Elle est le regard qu’on porte sur les choses et avec lequel nous abordons l’expérience,

   La seule variable qui influe sur les résultats quant à l’exécution d’une fonction. Qu’on cuisine, avec trop ou trop peu de sel, qu’on scie une branche, en étant du bon ou du mauvais côté de la scie pour rester dessus ou bien tomber, qu’on fasse l’amour, par devoir, dans l’excitation ou avec… amour, trop vite ou comme il faut, qu’on s’exprime dans la justesse ou dans la colère, la peur ou l’ironie, qu’on plante un clou, avec le bon outil ou le talon d’une chaussure…

  Bien sûr, le trop ou trop peu de sel est fonction d’un état et ne se « décide pas. » L’homme frustré mangera plus salé, tout comme l’homme en colère dont la salive est plus acide mettra, de sucre, l’excès que d’autres lui reprocheront.

  Scier assis sur le morceau de la branche qui choira est-il un défaut de présence à ce qu’on fait, et donc l’effet d’une distraction, ou d’une absence qu’influence un état.

  L’amour comme exutoire connait-t-il la tendresse ?

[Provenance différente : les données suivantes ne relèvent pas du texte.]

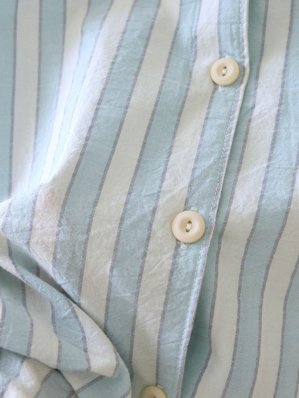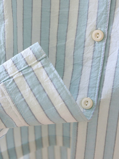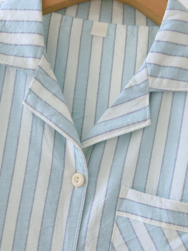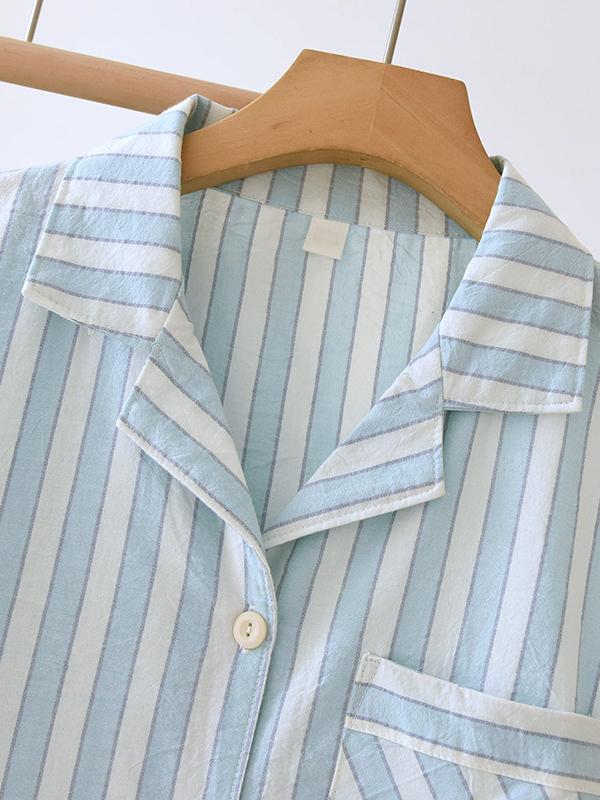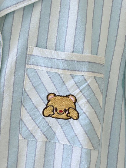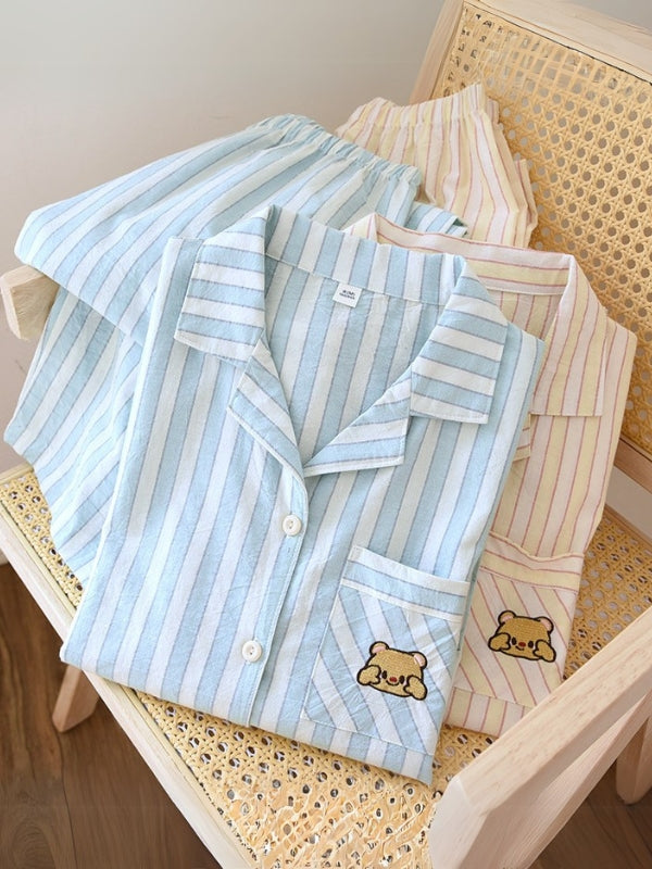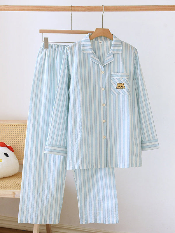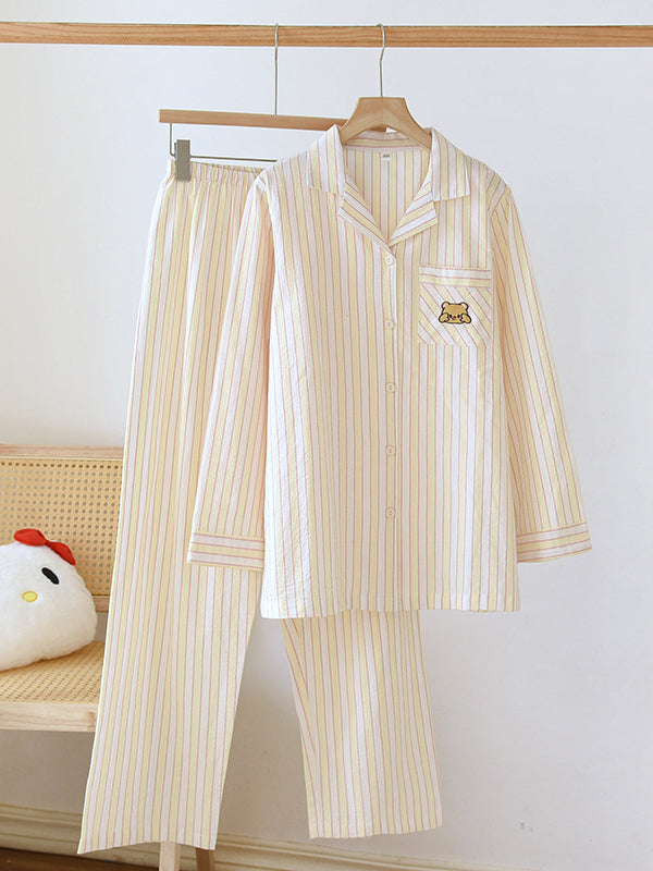 Cotton Stripe Cartoon Print Long Sleeve Pajama Set

  S’exprimer toujours avec colère définit-il ce dont on parle ou ne dit-il que sa colère sur laquelle surfent des mots ?

   Et celui qui visse avec un marteau ne détestera-t-il pas à jamais le bricolage ?

  Ce n’est qu’allégé des charges des mémoires de ses souffrances que l’être acquiert un regard nouveau sur chaque chose et  peut adopter dans ses choix et ses dosages les attitudes adaptées : saler juste, scier sa branche, assis du bon côté etc.

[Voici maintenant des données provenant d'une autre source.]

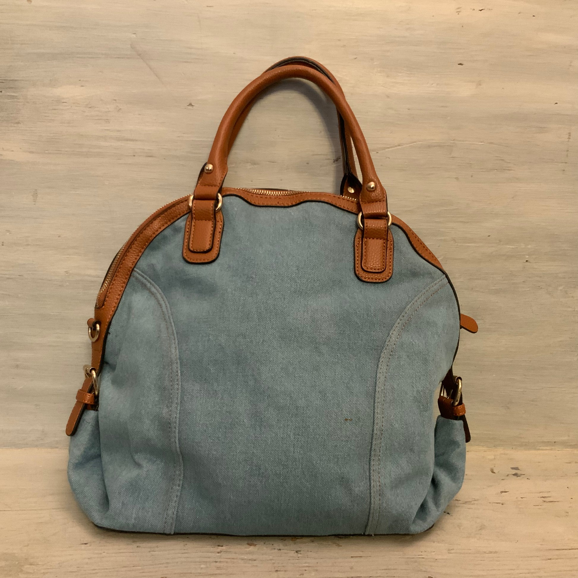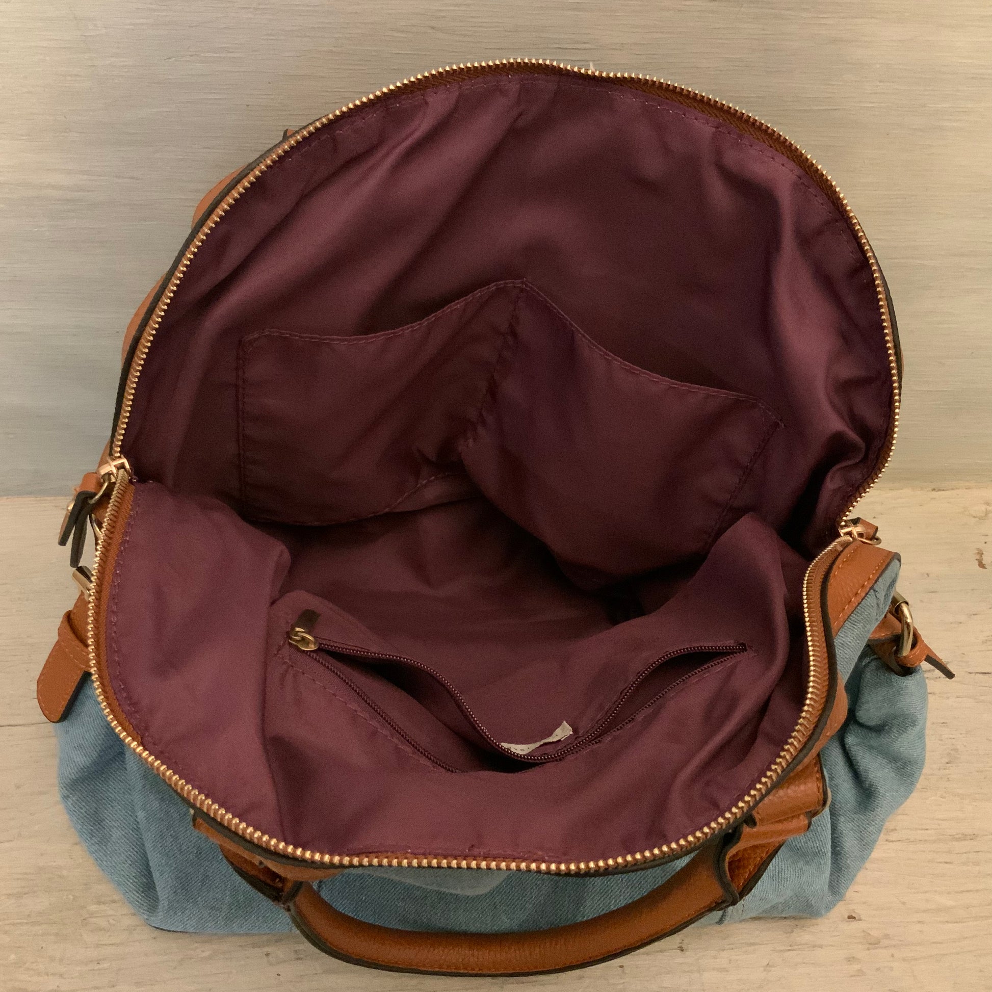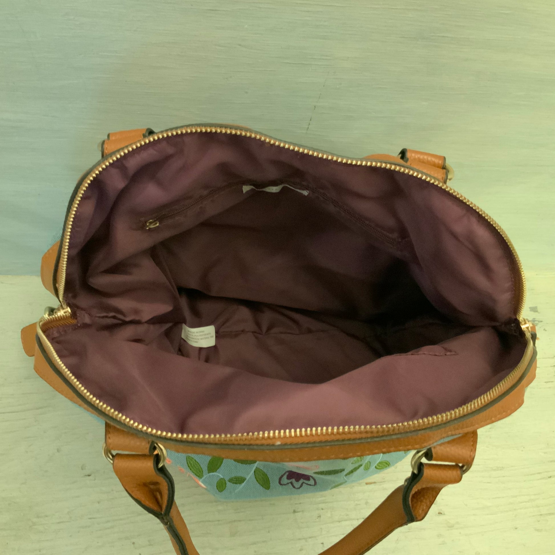 Cato Embroidered Flower Print Denim Brown Faux Leather Handbag Purse Like New
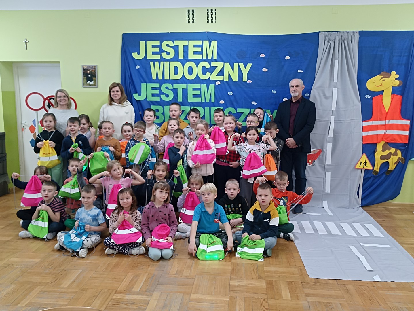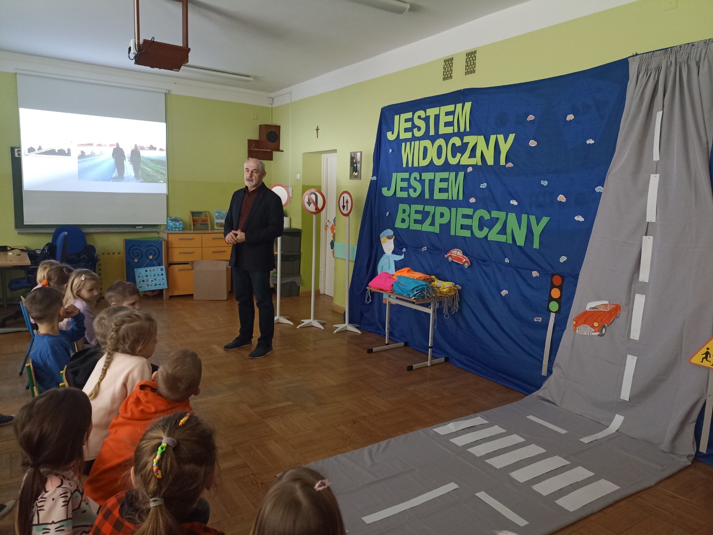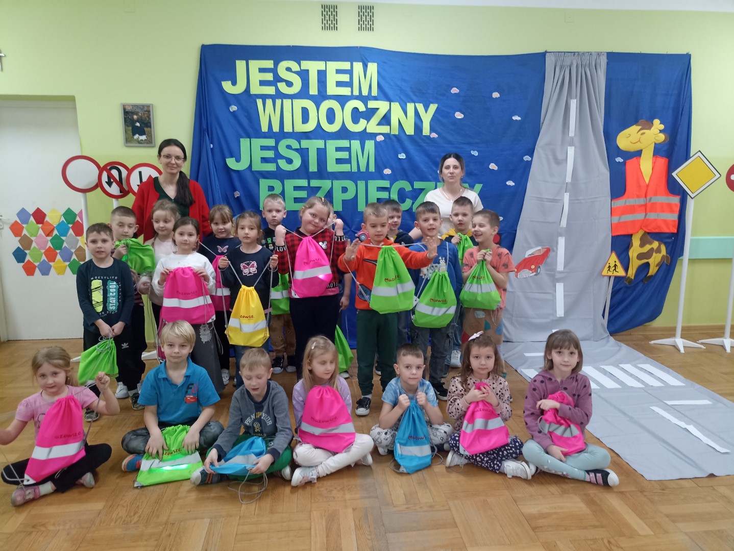 ,,Jesteś widoczny, jesteś bezpieczny" promującej bezpieczeństwo na drodze i noszenie odblasków po zmroku.🚦🦺Zasady i przepisy obowiązujące pieszych 🚶🚶w ciekawy sposób zaprezentował im przedstawiciel WORD Radom. Dzieci otrzymały upominki w postaci odblasków.🦺Dziękujemy za garść wskazówek i obiecujemy świecić przykładem. 👌

  C’est bien sûr là que l’étiomédecine trouve sa place.

L’analogie naturelle.

  Ne pas alléger ce plan de souffrances ou faire le déni de leurs influences, c’est s’interdire ce regard neuf qui change la perception et l’abord des évènements, c’est ne rien apprendre de ce qu’on vit.

  C’est comme si la rivière que je suis, au lieu de s’appuyer sur le rocher d’un parcours en même temps que je le façonne pour dessiner la suite de mon lit dans lequel il dort aussi, achoppait sur cette pierre qui en rien ne céderait, pour sans cesse me refluer jusqu’à ce que le flux descendant à nouveau me jette contre lui… en un perpétuel mouvement d’aconscience.

  Rares sont les rivières qui font ça ; le déni et le refoulement seraient-ils le propre des hommes qui n’avancent pas?

 Une déduction séduisante des analogies, c’est qu’elles peuvent être fédératrices et mettre fin à des antagonismes parfois violents qui ne sont que les expressions de regards uniques de personnes qui n’ont pas fait le tour de leurs certitudes.

  Elles prouvent qu’à partir d’un certain niveau de compréhension, tous se rejoignent quelques soient les chemins empruntés : le vrai scientifique qui sait avoir plus de choses incomprises qu’il n’en a effleurées et reste humble, comme l’artiste qui laisse naître de sa vacuité, ou l’initié conscient de sa réalité en même temps que de son insignifiance.

  Là ou l’un dit que « tout est dans tout », l’autre parle de « la nature fractale du monde», le propos étant le même, tenu par des personnes arrivées au même sommet par deux voies distinctes.